**DATASET RECORDS:**
- Opening Delimiter -
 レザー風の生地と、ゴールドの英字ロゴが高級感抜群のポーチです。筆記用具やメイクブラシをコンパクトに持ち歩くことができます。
- Closing Delimiter -
- Opening Delimiter -
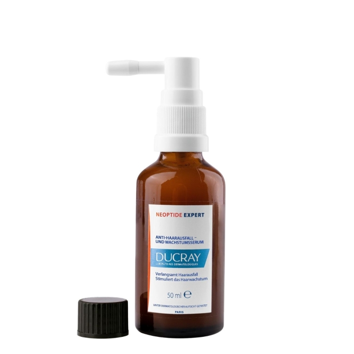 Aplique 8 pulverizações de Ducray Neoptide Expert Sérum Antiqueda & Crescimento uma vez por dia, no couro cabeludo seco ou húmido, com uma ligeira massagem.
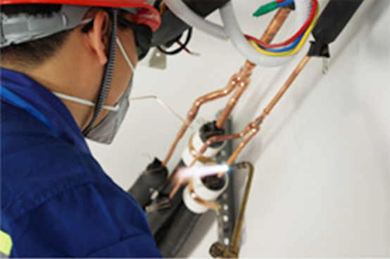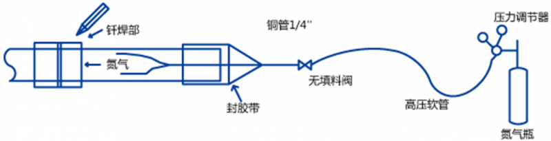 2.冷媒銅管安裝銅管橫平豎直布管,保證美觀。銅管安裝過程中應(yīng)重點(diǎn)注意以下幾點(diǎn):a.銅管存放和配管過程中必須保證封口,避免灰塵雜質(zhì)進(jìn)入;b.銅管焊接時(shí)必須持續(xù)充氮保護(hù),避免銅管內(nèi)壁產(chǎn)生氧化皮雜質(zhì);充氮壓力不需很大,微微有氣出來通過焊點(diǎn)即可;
- Closing Delimiter -
Here the job is to copy the listing above word for word, starting at the line with "Aplique 8 pulverizações" and ending at the line with "2.冷媒銅管安裝銅管橫平豎直", and to leave out the pictures.

 Aplique 8 pulverizações de Ducray Neoptide Expert Sérum Antiqueda & Crescimento uma vez por dia, no couro cabeludo seco ou húmido, com uma ligeira massagem.
 2.冷媒銅管安裝銅管橫平豎直布管,保證美觀。銅管安裝過程中應(yīng)重點(diǎn)注意以下幾點(diǎn):a.銅管存放和配管過程中必須保證封口,避免灰塵雜質(zhì)進(jìn)入;b.銅管焊接時(shí)必須持續(xù)充氮保護(hù),避免銅管內(nèi)壁產(chǎn)生氧化皮雜質(zhì);充氮壓力不需很大,微微有氣出來通過焊點(diǎn)即可;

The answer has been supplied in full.